Recovery Stalls as Few Clean Energy Employees Return to Work in July
- Aug 13, 2020 11:08 am GMT
Despite nationwide reopenings, job recovery in the U.S. clean energy sector slowed to a trickle in July. Only 3,200 clean energy jobs returned last month, a sharp decline from June's short-lived surge of 106,000 job gains and further indication that – without support from Congress – what was one of the nation’s fastest-growing job sectors faces a long recovery.
July’s 0.1% employment growth leaves more than half-a-million (511,075) clean energy workers jobless, according to the latest analysis of federal unemployment filings from E2 (Environmental Entrepreneurs), E4TheFuture and the American Council on Renewable Energy (ACORE). At the current pace, and without federal support, it would take nearly 15 years for the U.S. clean energy sector to reach pre-COVID-19 employment levels.
According to the monthly report, just one out of every six clean energy jobs lost since March has returned, and fewer than 10 states saw 100-plus clean energy employees back on the payroll in July. As federal Paycheck Protection Program (PPP) funds are exhausted and businesses are forced to close or scale back due to COVID-19’s resurgence, more layoffs could be imminent without congressional action.
Nationally, more than 15% of the clean energy workforce has filed for unemployment since the pandemic’s onset. Before COVID-19, nearly 3.4 million Americans across all 50 states and the District of Columbia worked in clean energy occupations – renewable energy, energy efficiency, grid modernization, clean vehicles and fuels. That’s more people than work in real estate, banking, or agriculture in the U.S. and three times the number that work in fossil fuels. Clean energy jobs had been growing 70% faster than the overall economy from 2015-2019, according to E2’s Clean Jobs America report.

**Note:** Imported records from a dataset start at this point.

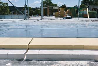 Bild 4 Die Dachfläche erhielt eine Schicht aus Mineraldämmplatten, darauf folgten PU-Gefälledämmplatten und abschließend EVALASTIC-Bahnen
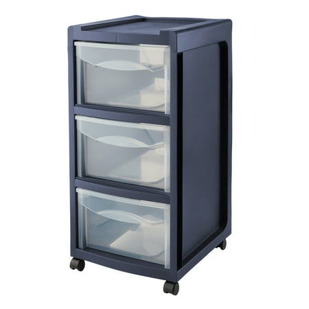 Mainstays Medium 3-Drawer Cart with Wheels, Blue Cove
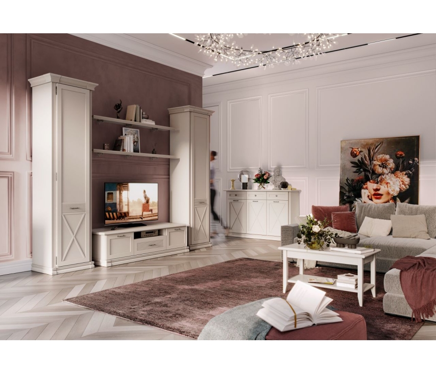Состав:Шкаф Кантри КА-214.01 (левый) — 1 шт;Шкаф Кантри КА-214.01 (правый) — 1 шт;Тумба Кантри КА-315.11 — 1 шт;Полка Кантри КА-024.03 — 2 шт;Комод Кантри КА-104.11 — 1 шт;Стол журнальный Кантри КА-520.09 — 1 шт;Колонна завершающая Кантри КА-015.11 — 4 шт.Особенности:Гостиная в классическом стиле Кантри — одна из любимых коллекций наших клиентов. Такая мебель подойдет к интерьерам в стилях прованс, кантри, неоклассика или сканди. При создании этой коллекции наш дизайнер вдохновлялась самобытной архитектурой Германии с ее характерной фахверковой системой;Гостиная будет гармонировать как с яркими оттенками (бирюзовым, горчичным), так и с приглушенными (пастельно-зеленым, пудрово-розовым), а также со всеми оттенками серого;Коллекция понравится тем, кто ценит легкость и ищет для себя актуальную и самобытную классику. Кантри, как европейская архитектура, существует вне моды и легко трансформируется под ваш вкус.Характеристики:Мебель выполнена в актуальном цвете - «Кашемир серый»;Вся лицевая фурнитура в коллекции Кантри сделана в стильном оттенке «античное железо»;Шкафы украшены изящными фахверками. Эти декоративные элементы отсылают к Старой Европе и создают дополнительные неброские акценты в интерьере;Для хранения в гостиной предусмотрены два шкафа, укомплектованные полками ЛДСП и комод;В комплекте к шкафам идут четыре завершающие колонны, чтобы сделать гостиную более гармоничной. Они устанавливаются с краю композиции или в середине между модулями.Материалы:Корпус мебели изготовлен из ЛДСП;Фасады: рамочной конструкции из МДФ профиля, в фасадах вставки из ЛДСП 6 мм;Для гостиной используется крепежная фурнитура и механизмы ведущих производителей. Такая фурнитура позволит мебели прослужить дольше, не требуя частого ремонта. Петли оснащены доводчиками для более плавного закрывания дверей;В выдвижных ящиках используются направляющие скрытого монтажа со встроенным доводчиком. Это позволяет легко и почти бесшумно выдвигать-задвигать ящики, а также обеспечивает надежную фиксацию ящика и гарантирует длительный срок службы даже при высокой нагрузке.С этой мебелью будут хорошо сочетаться аксессуары в стиле неоклассика, ковры с винтажным потертым рисунком, яркий прямой или угловой диван (если захотите добавить акцентов). Если же вам нравится более спокойный интерьер — можно выбрать диван или кресла в серых оттенках. Конечно же, не забудьте про журнальный столик на высоких ножках.
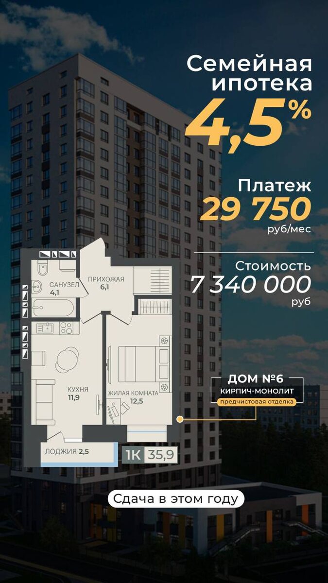 π₯Π‘Π΅ΠΌΠ΅ΠΉΠ½Π°Ρ ΠΈΠΏΠΎΡΠ΅ΠΊΠ° 4,5% Π½Π° Π²Π΅ΡΡ ΡΡΠΎΠΊ Π² ΠΠ Π² ΠΠΊΡΡΠ±ΡΡΡΠΊΠΎΠΌ ΡΠ°ΠΉΠΎΠ½Π΅β¨ Π ΠΏΡΠΎΠ΄Π°ΠΆΠ΅ ΠΎΠ΄Π½ΠΎΠΊΠΎΠΌΠ½Π°ΡΠ½Π°Ρ ΠΊΠ²Π°ΡΡΠΈΡΠ° Ρ ΠΏΡΠ΅Π΄ΡΠΈΡΡΠΎΠ²ΠΎΠΉ ΠΎΡΠ΄Π΅Π»ΠΊΠΎΠΉβ¨ - 1Π- 35.9 ΠΌΒ² - ΠΠΎΡΠΎΠ»ΠΊΠΈ 2,85 ΠΌΠ΅ΡΡΠ° - ΠΠΈΠ΄ΠΎΠ²ΠΎΠΉ 22 ΡΡΠ°ΠΆ β
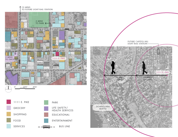 Công trình 1111 E.Pike là một ví dụ hoàn hảo cho một không gian sinh sống không mắc ngay tại trung tâm đô thị nhộn nhịp. Công trình đã được thị trường thẩm định và đáp ứng được các yêu cầu của tiêu chuẩn LEED cho các hạng mục bao gồm Mật độ xây dựng, Lựa chọn khu đất, Thay thế phương tiện giao thông, và Quản lý nước mưa xối.
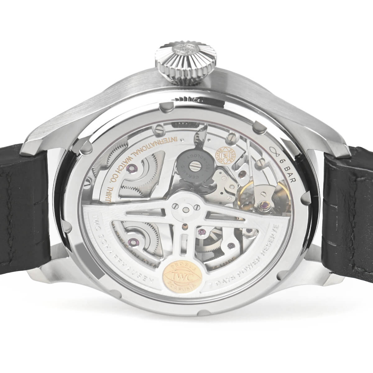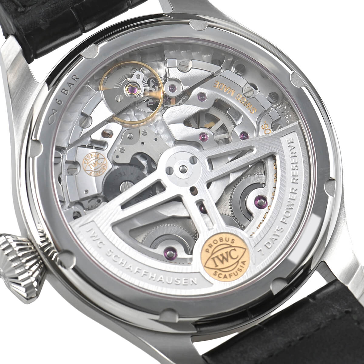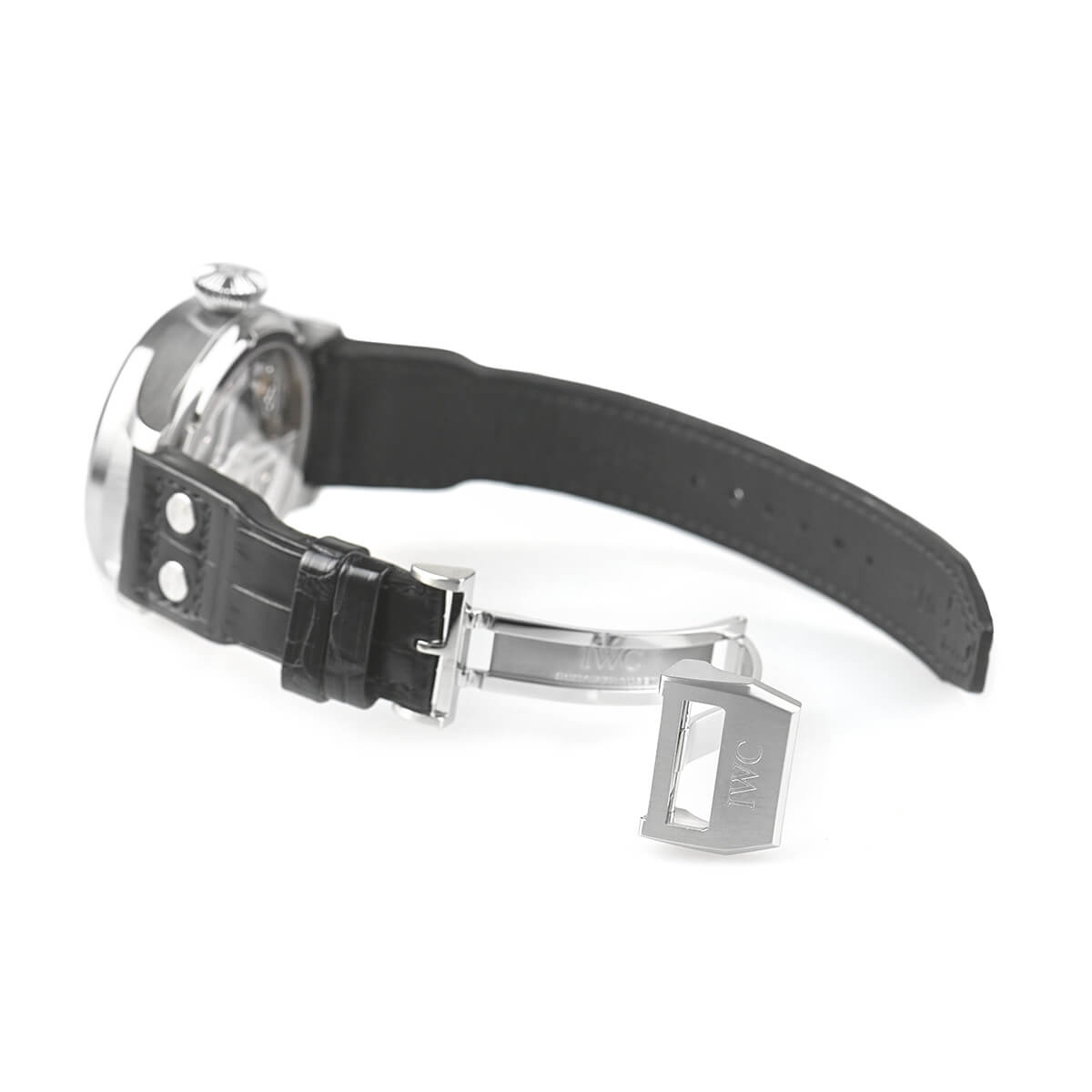 第二次世界大戦時のドイツ空軍が採用したパイロットウォッチをモチーフに作られた「ビッグパイロットウォッチ」。こちらは大の月と小の月は自動で日付表示をおこない、一年間で唯一、2月の末にカレンダー調整が必要なアニュアルカレンダー機能を搭載した【ビッグパイロットウォッチ アニュアルカレンダー スピットファイア】です。

Many of these jobs could be saved – and many more created quickly. July’s “Build Back Better, Faster” report from E2 and E4TheFuture shows that with a reasonable but robust investment in clean energy through existing, funding-approved federal programs, more than 860,000 jobs and $330 billion in economic activity could be generated. For details, see the full “Build Back Better, Faster” report here.
Bob Keefe, Executive Director of E2 said:
“While the rest of the world is doubling down on clean energy to jump-start their economies, our country’s leaders are sitting around watching these jobs disappear. Study after study – as well as history – shows investing in clean energy is the best and fastest way to build back our economy. Why doesn’t Congress get it – and do something?”
Pat Stanton, Policy Director for E4TheFuture said:
“July’s analysis is cause for grave concern. Clean energy workers in every American county are eager to help our economy recover while contributing to cleaner air. Investing in clean energy today can bring economic, environmental, and equity benefits that will last for decades. Let’s get these workers back on the job now.”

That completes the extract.